He hiccupped, rubbing his eyes as the tears flowed down uncontrollably. “I…I m-mean,” he hiccupped once again, his shoulders abruptly rising and dropping as he convulsed with a helplessness of a little kid. “I don’t want to let…I don’t want to let go of this position. Damn it, Key, I know you deserve it, I know you do. But I…” He wiped his tears with the cuffs of his navy blue blazer, “I really love my job. I don’t…I can’t…I…”

 

And Jjong-hyung just sobbed there, unashamed of his tears.

 

These were the tears he would offer his alma mater: tears of sadness, tears of gratitude, tears of farewell.

 

Noona and Key-hyung got up from their seats in the front row, and climbed the stage. Minho-hyung followed suit, running from his seat in the audience. As Minho-hyung and Key-hyung patted Jjong-hyung’s back, Noona smiled at him as she crossed her arms.

 

“You idiot. If you were going to cry like this, then you should have just let me read the speech for you. You know how heartless I am,” she said monotonously. Despite the flat tune, we all knew she was joking, and I giggled at the scene.

 

 

I saw some students start to cry as well, moved by the close friendship the four displayed on stage.

 

I smiled forlornly.

 

My high school sunbaes were really tight, as if they've known each other all their lives, when in fact, it has only been a few years since their first meeting. I, too, would have joined them if it weren’t for the insecurity that stirred in my being. For some unknown reason, I felt like I would be intruding, imposing, if I had gone over to them.

 

It was then that I realized how different I was from them. My Hyungs and Noona belonged to another world and I didn’t quite understand what they all felt and went through simply because I was still in Junior High. For the very first time, I felt so far from them, and even more so from Noona and Jjong-hyung who were the oldest.

 

I tried to comprehend, accept the psychological distance that separated me from them, but I couldn’t. I couldn’t because it pained me to know that by the time I enter High School, Noona and Jjong-hyung would have been gone, and in a few years time, Key-hyung and Minho-hyung would leave as well, and I would be the only one left.

 

The future scared me, because I didn’t want to be alone. I wanted, needed them with me. I was so clingy, I knew, but I…

 

I sniffled.

 

My vision blurred as tears began to rain down my cheeks. And I was glad that it happened on an occasion such as this, when everyone else was crying.

 

 

My heart hurt.

 

I don’t want them to go.

 

 

 

Please, stay. I’ll do anything for all of you to stay.
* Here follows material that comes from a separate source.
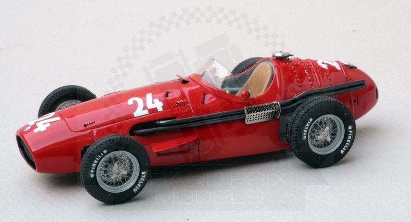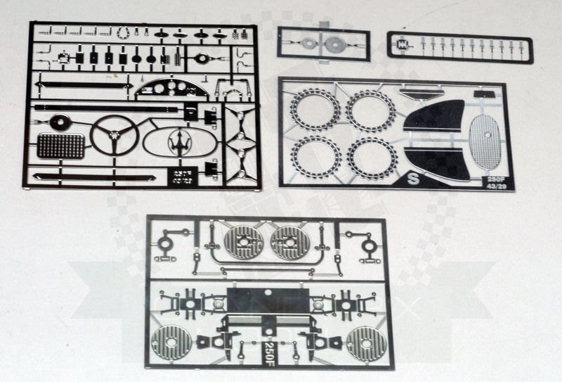 Many drivers appeared in factory prepared Maserati 250Fs during the 1955 season and this kit offers no fewer than twenty-eight possible driver and race combinations! Behra, Musso and Mieres were the full timers and so we see cars for each of them from all six races. The instructions concentrate primarily on the assembly and for decoration there is just one version from each race illustrated to show number positioning and whether stone guards are needed, the rest of the information is in a table.
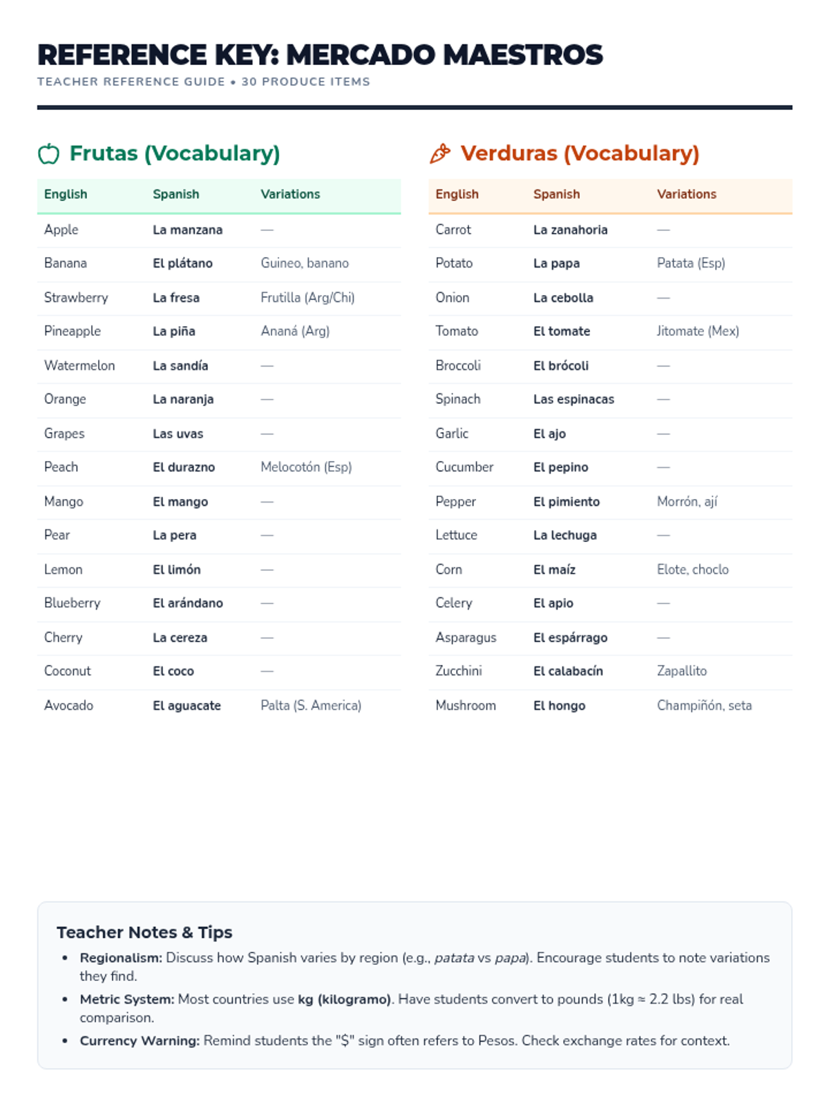 A reference guide for teachers containing the vocabulary for all 30 fruits and vegetables, including regional variations and teaching tips for the project.

I’ll even bring Onew-hyung back.

 

 

 

 

“Taeminnie, are you all right?”

 

As soon as the tears started to pour out, I rushed to the washroom, and stayed there, sobbing until the ceremonies were over. After washing my face, and frowning at how puffy and red my eyes and nose were, I went out of the comfort room, only to be greeted by Noona who leaned against the wall.

 

She was waiting for me.

 

 

 

“I…I’m fine, Noona,” I replied, but my tone gave it away.

 

“You know that I know when you’re lying, Taeminnie,” she cooed, my head. “Now tell Noona why you suddenly walked out of the hall and never came back.”

 

I bit my lip and pouted, reaching out for her blazer and holding it tight. I rested my forehead on her shoulder, and forced myself not to cry because I knew she didn’t like it when I did. I swallowed down the tears that were threatening to fall any minute.

 

“Because I’m scared, Noona,” I said, and left it at that.

 

I knew she would understand me.

 

And she did, as she gave me a comforting bear hug and whispered, “Don’t be. Noona will always be here for you.”

 

 

And even if I knew it was (or at least, treated it as if it were) a lie, even if I knew that she would be off to another city in a matter of weeks, I still believed her. She knew how to make me feel better, she knew how to make me love her.

 

 

“Noona, that’s a promise, okay?”

 

“Even without taking a vow, I would ensure it.” 

 

 


 

Author's Note:

Hello, everyone! Sorry for making you wait!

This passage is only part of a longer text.